Displays all available references, including both built-in and user-defined assemblies.

Remove a reference

python ref_manager.py remove <reference_name> # scripts
refgenDetector-manager remove <reference_name> # pip installation

Removes a custom reference from the local database.
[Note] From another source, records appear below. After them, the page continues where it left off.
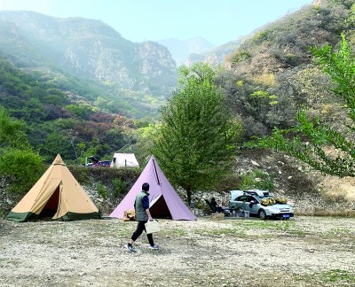 在北京郊区露营地,露营爱好者支起帐篷享受美丽秋色。周潜之摄/光明图片
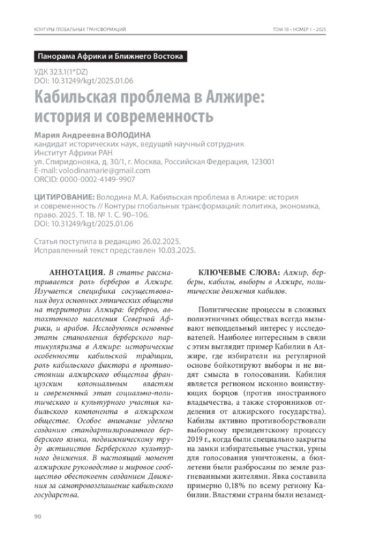 15. Tilleli E. Le Mouvement citoyen de Kabylie // Pouvoirs. - 2003. - N 3 (106). - P. 149-162. - Франц. яз. - https://doi.org/10.3917/pouv.106.0149.
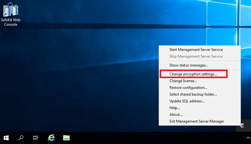 - Right-click on the Milestone Management Server icon in the taskbar.
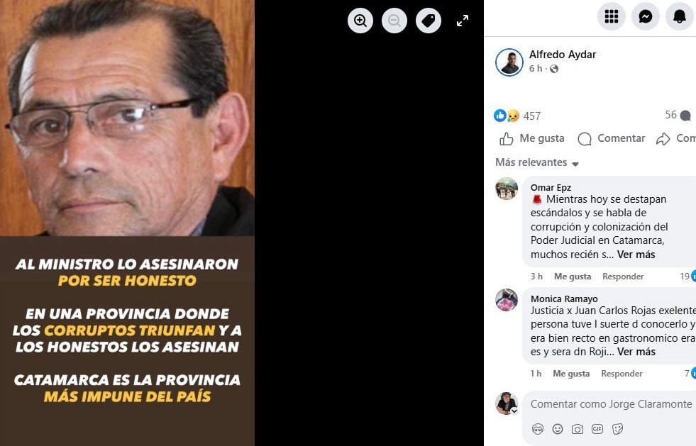En otro posteo, acompañado por la imagen del ministro asesinado Rojas, escribió: “Al ministro lo asesinaron por ser honesto, en una provincia donde los corruptos triunfan y a los honestos los asesinan. Catamarca es la provincia más impune del país”.
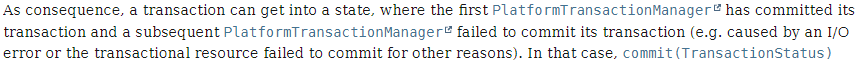 javadoc 내용을 보면 첫 번째 트랜잭션은 커밋에 성공했지만 후속 트랜잭션은 커밋에 실패한 상태가 될 수 있다고 되어있다.
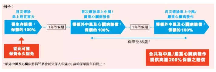 就首次因嚴重程度2或3之危疾已付或應付生存賠償后,第一次從診斷日期開始的基本計劃的保費將永久為豁免,并且被保險人可以免費享受保障至保單終止。
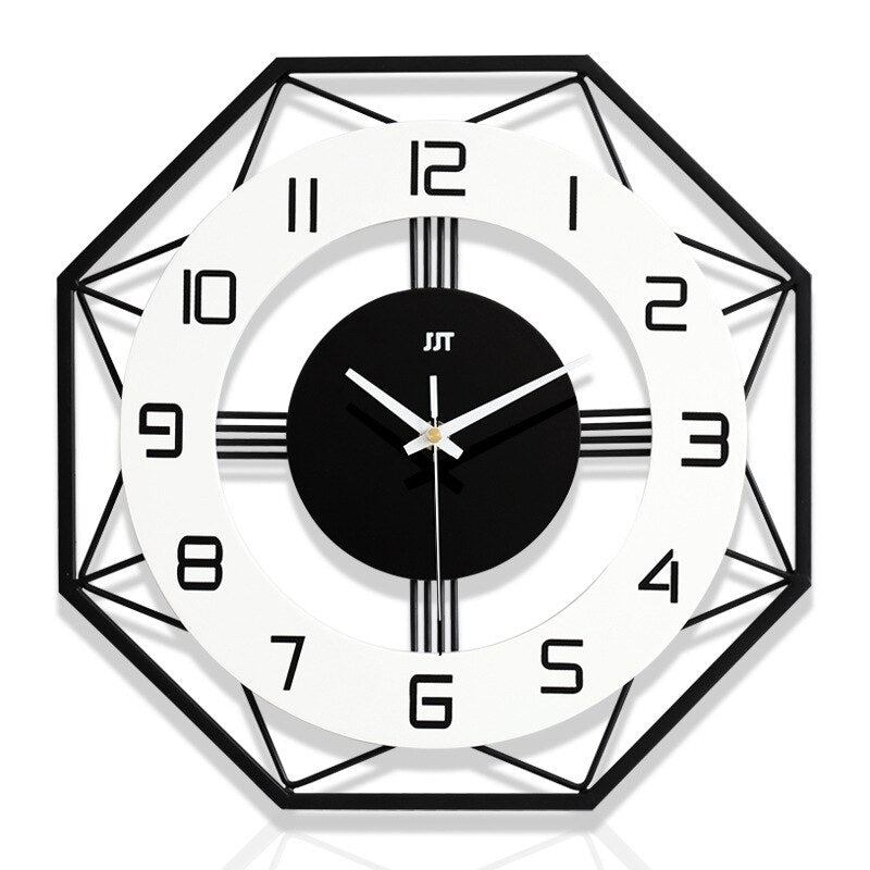 Ten nowoczesny geometryczny zegar ścienny metalowy został stworzony, aby podnieść estetykę Twojego otoczenia. Jego solidna metalowa konstrukcja gwarantuje trwałość i stabilność, a jednocześnie zachwyca lekkością formy. Ośmiokątna ramka z abstrakcyjnymi wzorami tworzy intrygujący efekt wizualny, który dodaje dynamiki i nowoczesnego charakteru. Biała tarcza z czytelnymi, minimalistycznymi cyframi zapewnia łatwość odczytu godziny, a kontrastujące, czarne centrum z subtelnym logo JJT podkreśla jego designerski sznyt. Niezależnie od tego, czy szukasz elementu, który ożywi Twój salon, doda profesjonalizmu biuru, czy stworzy relaksującą atmosferę w sypialni, ten zegar spełni Twoje oczekiwania, będąc zarówno funkcjonalnym, jak i niezwykle stylowym dodatkiem.
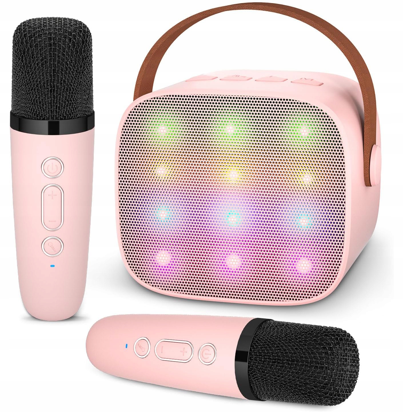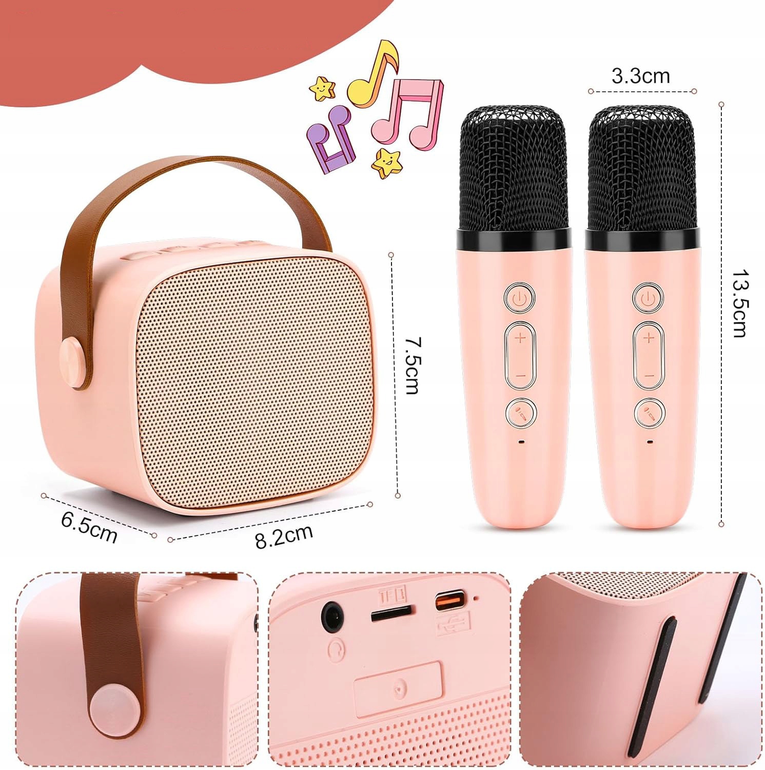 🎙 【【високоякісна машина караоке】 міні -машина караоке оснащена вдосконаленою технологією та відмінною якістю звуку, дивовижним обсягом та чистим звуком. Він також оснащений двома мікрофонами, завдяки якому двоє дітей чи дорослих можуть співати та грати разом, створюючи легкий дует. Він також має зручну функцію одного клацання, що усуває оригінальний звук від музики, що дозволяє повністю насолоджуватися радістю співу. Ви також можете використовувати навушники для прослуховування власного прекрасного голосу.

Built-in references cannot be removed.

Notes

  • Custom references are stored separately from the default reference database.
  • Input files must be valid FASTA index files generated with samtools faidx.
  • Duplicate assemblies are detected based on exact contig composition.

Variant Calling Files (VCFs)

From VCF files only 4 human assemblies can be inferred:

  • Hg18
  • GRCh37
  • GRCh38
  • T2T

Two different sources of information are used to infer the reference genome from variant calling files

  • Header

In the VCF specification it is recommended, but not mandatory that the VCF header includes tags describing the reference and contigs backing the data contained in the file. When present, the tool will analyze this information and output the reference genome version based on the contig lengths, following the same logic of the aligment files inference.

  • Variants

To infer the reference genome from a VCF the tool will read the VCF file in chunks of 100.000 variants, avoiding to load the complete file in memory. The POS and REF columns will be extracted and compared to the msgpack files.

The msgpack files were created comparing the nucleotides in each position for hg18, GRCh37, GRCh38 and T2T. Each file contains a list of the positions where each reference had a different nucleotide (distinguishing positions).

By getting the number of matches between these distinguishing positions and the REF present in the VCF we infer the reference genome version used to call the variants.

Requirements

  • Python 3.10.6

Depending on how you want to install the package:

  • pip
  • Docker

Installation

Cloning this repository

  1. Clone this repository

2.git clone https://github.com/EGA-archive/refgenDetector.git cd refgenDetector pip install -e .

  1. $ python3 refgenDetector_main.py -h

  2. Download the msgpack files for the inference with VCFs: Download the msgpack reference

  3. Move the msgpack to the correct path:

mv msgpacks.zip /refgenDetector/src/refgenDetector/
unzip /refgenDetector/src/refgenDetector/msgpacks.zip

From pypi

$ pip install refgenDetector

Usage

You can get the help menu by running:

$ refgenDetector -h
usage: INFERRING THE REFERENCE GENOME USED TO ALIGN BAM OR CRAM FILE [-h] -f FILE -t {BAM/CRAM,Header,VCF,BIM} [--md5] [-a] [-v MAX_N_VAR] [-m MATCHES] [-r]

optional arguments:
  -h, --help            show this help message and exit
  -f FILE, --file FILE  Input file path
  -t {BAM/CRAM,Header,VCF,BIM}, --type {BAM/CRAM,Header,VCF,BIM}
                        Type of files to analyze.
  --md5                 Print md5 values if present in header.
  -a, --assembly        Print assembly if present in header.
  -v MAX_N_VAR, --max_n_var MAX_N_VAR
                        Maximum number of variants to read before stopping inference. The file is processed in chunks of 100,000 variants, so this value must be a multiple of 100,000 (e.g. 100000,
                        200000, 300000, ...).
  -m MATCHES, --matches MATCHES
                        Number of matches required before stopping. [DEFAULT:5000]
  -r, --resources       When set, print execution time, CPU, memory, and disk I/O usage

Test RefgenDetector

In the folder examples you can find headers, alignment and variant files to test the working of RefgenDetector.

Licence and funding

RefgenDetector is released under GNU General Public License v3.0.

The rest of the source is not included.